BEGIN Data to examine

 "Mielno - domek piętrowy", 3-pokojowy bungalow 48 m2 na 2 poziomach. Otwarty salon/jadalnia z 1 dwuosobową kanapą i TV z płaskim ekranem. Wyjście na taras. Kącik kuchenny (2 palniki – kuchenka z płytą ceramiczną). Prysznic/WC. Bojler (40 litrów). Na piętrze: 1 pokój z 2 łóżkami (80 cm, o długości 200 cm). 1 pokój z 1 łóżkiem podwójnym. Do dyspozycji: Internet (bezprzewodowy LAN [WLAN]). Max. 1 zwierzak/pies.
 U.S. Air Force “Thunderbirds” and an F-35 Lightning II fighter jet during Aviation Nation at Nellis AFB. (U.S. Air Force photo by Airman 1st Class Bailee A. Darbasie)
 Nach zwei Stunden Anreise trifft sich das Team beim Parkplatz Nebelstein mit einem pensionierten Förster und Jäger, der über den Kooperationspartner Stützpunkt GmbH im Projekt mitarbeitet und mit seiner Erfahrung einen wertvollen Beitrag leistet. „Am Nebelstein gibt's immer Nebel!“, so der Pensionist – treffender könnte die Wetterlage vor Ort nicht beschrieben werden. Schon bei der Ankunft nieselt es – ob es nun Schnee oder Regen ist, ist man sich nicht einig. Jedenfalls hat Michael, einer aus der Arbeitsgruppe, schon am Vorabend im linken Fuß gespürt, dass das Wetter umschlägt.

END Data to examine
BEGIN Data to examine

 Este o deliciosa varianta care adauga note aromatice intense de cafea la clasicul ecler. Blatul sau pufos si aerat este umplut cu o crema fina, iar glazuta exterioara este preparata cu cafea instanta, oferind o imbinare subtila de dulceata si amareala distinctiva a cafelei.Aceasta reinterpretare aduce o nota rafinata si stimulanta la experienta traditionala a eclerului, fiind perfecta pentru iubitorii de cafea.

END Data to examine

> What you are asked to do:
The answer is the run of lines above from the line containing "Max. 1 zwierzak/pies." through the line containing "Nach zwei Stunden", copied exactly and alone.

> Written response:
 "Mielno - domek piętrowy", 3-pokojowy bungalow 48 m2 na 2 poziomach. Otwarty salon/jadalnia z 1 dwuosobową kanapą i TV z płaskim ekranem. Wyjście na taras. Kącik kuchenny (2 palniki – kuchenka z płytą ceramiczną). Prysznic/WC. Bojler (40 litrów). Na piętrze: 1 pokój z 2 łóżkami (80 cm, o długości 200 cm). 1 pokój z 1 łóżkiem podwójnym. Do dyspozycji: Internet (bezprzewodowy LAN [WLAN]). Max. 1 zwierzak/pies.
 U.S. Air Force “Thunderbirds” and an F-35 Lightning II fighter jet during Aviation Nation at Nellis AFB. (U.S. Air Force photo by Airman 1st Class Bailee A. Darbasie)
 Nach zwei Stunden Anreise trifft sich das Team beim Parkplatz Nebelstein mit einem pensionierten Förster und Jäger, der über den Kooperationspartner Stützpunkt GmbH im Projekt mitarbeitet und mit seiner Erfahrung einen wertvollen Beitrag leistet. „Am Nebelstein gibt's immer Nebel!“, so der Pensionist – treffender könnte die Wetterlage vor Ort nicht beschrieben werden. Schon bei der Ankunft nieselt es – ob es nun Schnee oder Regen ist, ist man sich nicht einig. Jedenfalls hat Michael, einer aus der Arbeitsgruppe, schon am Vorabend im linken Fuß gespürt, dass das Wetter umschlägt.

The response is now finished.